In the space of a year, Nielsen has implemented two changes to local market ratings to accommodate time-shifted viewing. In January 2009, Nielsen added the live-plus-three-day metric, which broadcasters liked, but major buying shops opposed, preferring to buy local time based on live only ratings. Broadcasters have also been strong proponents of the live-plus-same-day metric as a way to monetize time-shifted viewing.
According to Nielsen, an analysis of the data supports using a live-plus-same-day metric. On average 63 percent of playback occurs on the same day a program is recorded, and a significant amount of playback occurs within a very short period of time.
Originally, Nielsen proposed adding live-plus-same-day in December, but moved it one month later so as not to disrupt the buying and selling process, typically based on quarterly time periods.

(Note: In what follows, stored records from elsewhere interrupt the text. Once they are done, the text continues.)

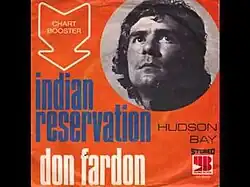 "Indian Reservation (The Lament of the Cherokee Reservation Indian)" is a song written by John D. Loudermilk.[2] It was first recorded by Marvin Rainwater in 1959 and released on MGM as "The Pale Faced Indian", but that release went unnoticed. The first hit version was a 1968 recording by Don Fardon – a former member of the Sorrows – that reached number 20 on the Hot 100 in 1968[3] and number 3 on the UK Singles Chart in 1970.[4]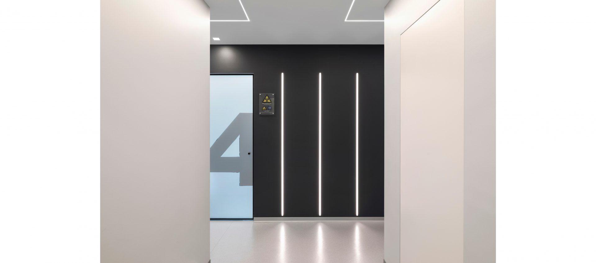 A sliding glass wall leads to the clinical area consisting of 5 dental rooms, a large-scale sterilization and an OPT room. Traceline Recessed mounted on the ceiling and on the walls allows the creation of a continuous and harmonious lighting line within the studio, while Trybeca gives the perfect finishing to the lighting project.
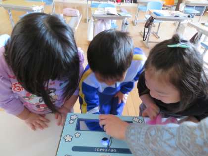「わあ、汚れがいっぱい」「石けんを付けて洗っても、汚れが落ちていないところがある」と口々につぶやきながら、自分の手をじっと見つめる子供たち。
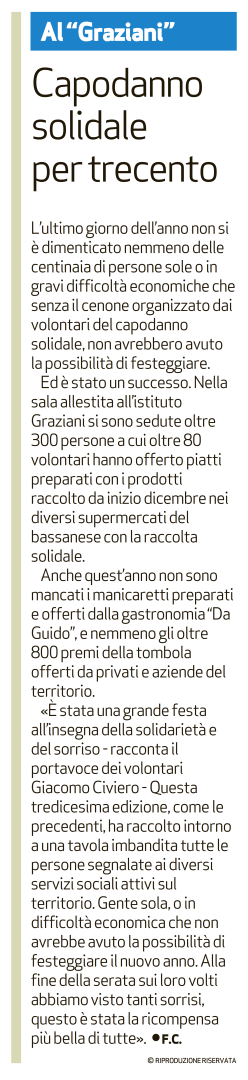 «È stata una grande festa all’insegna della solidarietà e del sorriso - racconta il portavoce dei volontari Giacomo Civiero - Questa tredicesima edizione, come le precedenti, ha raccolto intorno a una tavola imbandita tutte le persone segnalate ai diversi servizi sociali attivi sul territorio. Gente sola, o in difficoltà economica che non avrebbe avuto la possibilità di festeggiare il nuovo anno. Alla fine della serata sui loro volti abbiamo visto tanti sorrisi, questo è stata la ricompensa più bella di tutte».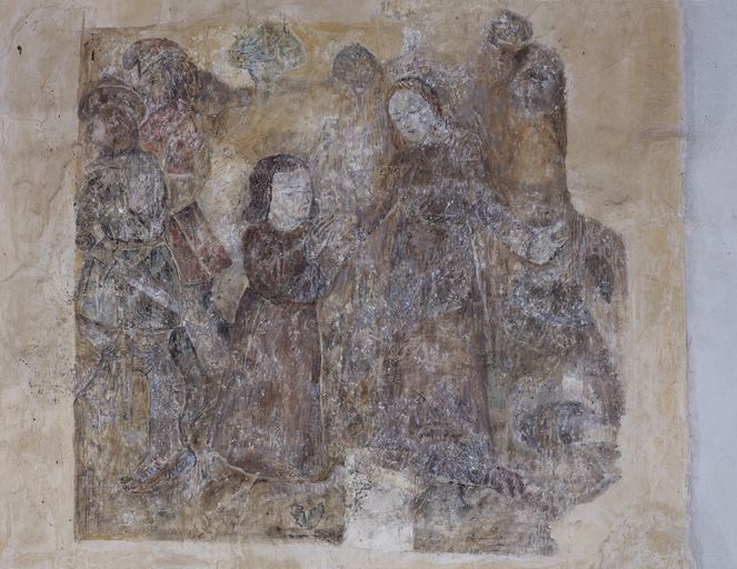 Peinture murale 4 : jeune homme à genoux, priant, devant une femme, bras écarté, 2 soldats leur tournent le dos (état en 2010)Immatriculation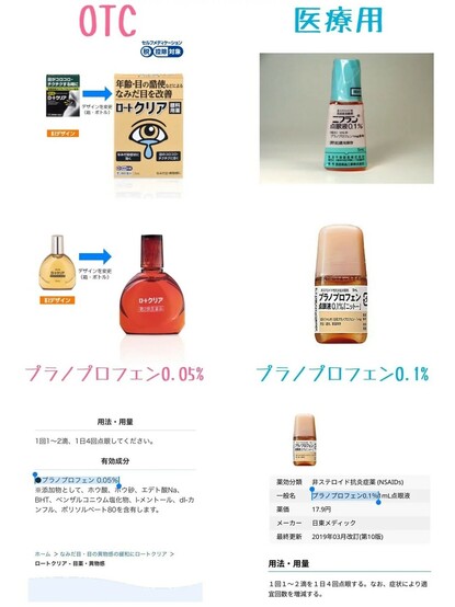 医療用で抗炎症剤として用いられているプラノプロフェン。OTCにもロートクリアなど同じ成分の目薬が存在している。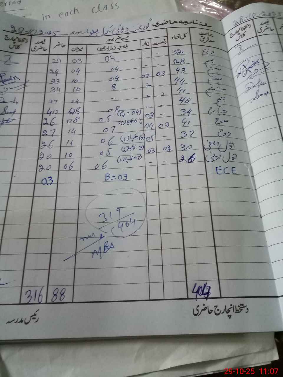 | Total Students Present | 3 | 0 | 20 | 20 | 26 | 27 | 26 | 40 | 37 | 34 | 33 | 24 | 29 | 319 | ||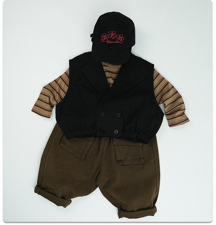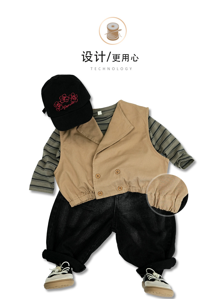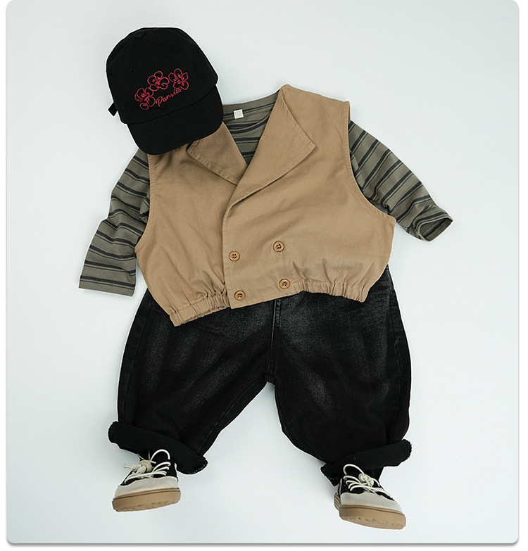 기질 이른 봄 어린이 착용 아기 소년 및 소녀 옷깃 조끼 레트로 서양식 100% 면 어린이 허리 코트 재킷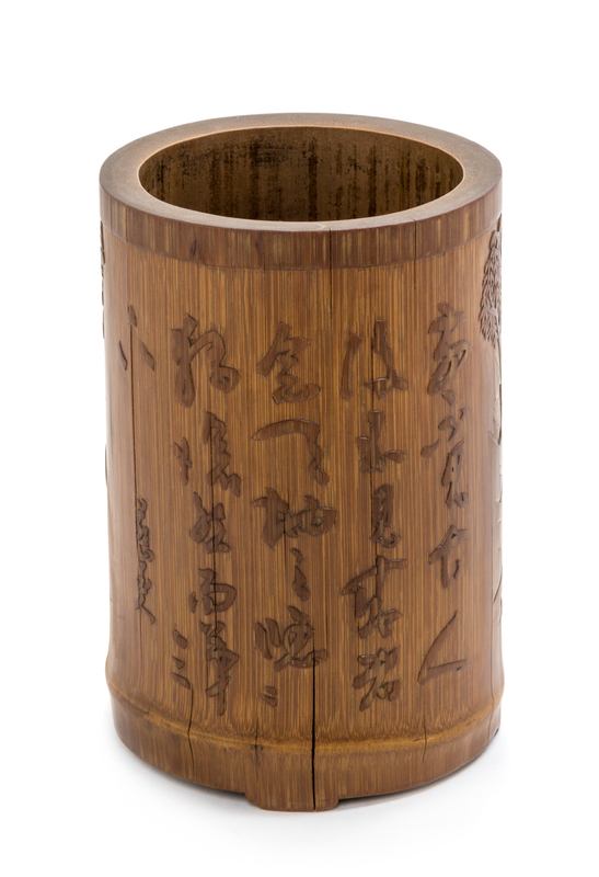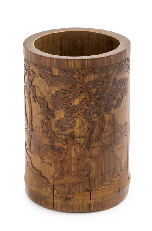 of cylindrical form, the exterior carved to show two scholars playing chess underneath pine trees in a mountain setting, followed by inscriptions.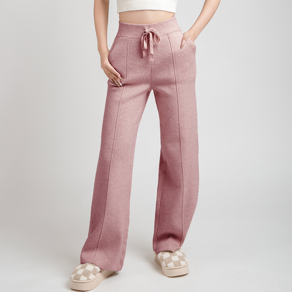 • Soft knit lounge pants featuring a relaxed wide-leg fit and adjustable drawstring waist for maximum comfort and style. These cozy pants are perfect for casual wear, travel, lounging at home, or pairing with your favorite tops for an effortless everyday outfit. Designed with subtle seam detailing and practical pockets, they offer both fashion and function. Ideal for creating laid-back yet polished looks you can enjoy all season long.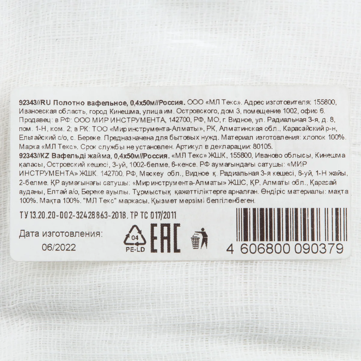 Полотно вафельное 92343 0,4 х 50 м эффективно справляется с уборкой влаги и загрязнений. Можно использовать при строительно-монтажных работах, ремонте различных механизмов, в клининговых компаниях для уборки помещений, обтирании оргтехники, автомобильных деталей и поверхностей автотранспортных средств, при изготовлении стекол и зеркал, в медицинской индустрии, в общественных учреждениях и сфере общепита. Мягкая ткань качественно очищает поверхности, не оставляя следов и царапин.ПреимуществаПолотно выполнено из хлопка и удаляет любые загрязнения. Повышенная впитываемость обеспечивает качественную уборку без разводов и отпечатков, это позволяет чистить смесители, зеркала, мебель на кухне.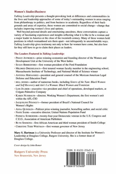 MARY S. HARTMAN is a University Professor and Director of the Institute for Women's Leadership at Douglass College, Rutgers University. She is a former dean of Douglass College.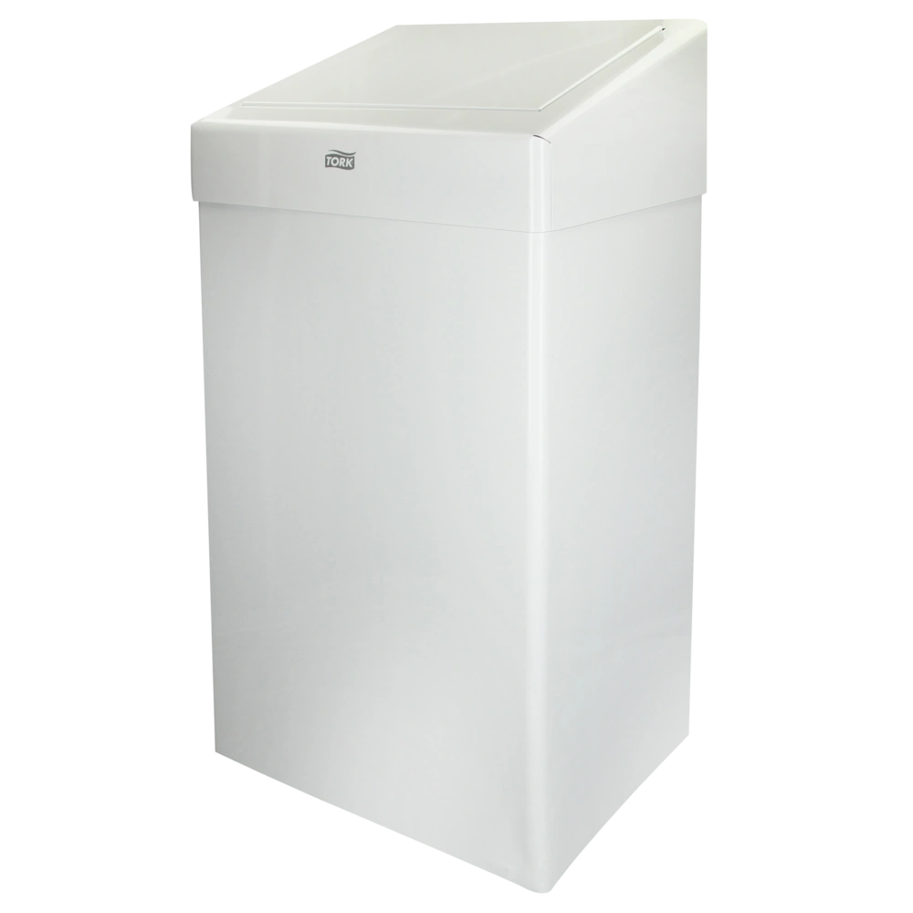 Robuster Abfallbehälter aus Metall mit handbetätigter Einwurfklappe. Der platzsparende Behälter mit großem Fassungsvermögen ist zum Aufstellen oder für die Wandmontage geeignet.

The extra time also allows Nielsen to appease agency skeptics about the new metric by conducting an evaluation of the differences between the live and live-plus-same-day metrics. Agencies such as Group M, Starcom and Carat have said they would prefer to buy local time based on live only data. Clients preferring to use live only data will be able to access that data stream in custom analyses.
Mediaweek is a unit of the Nielsen Co.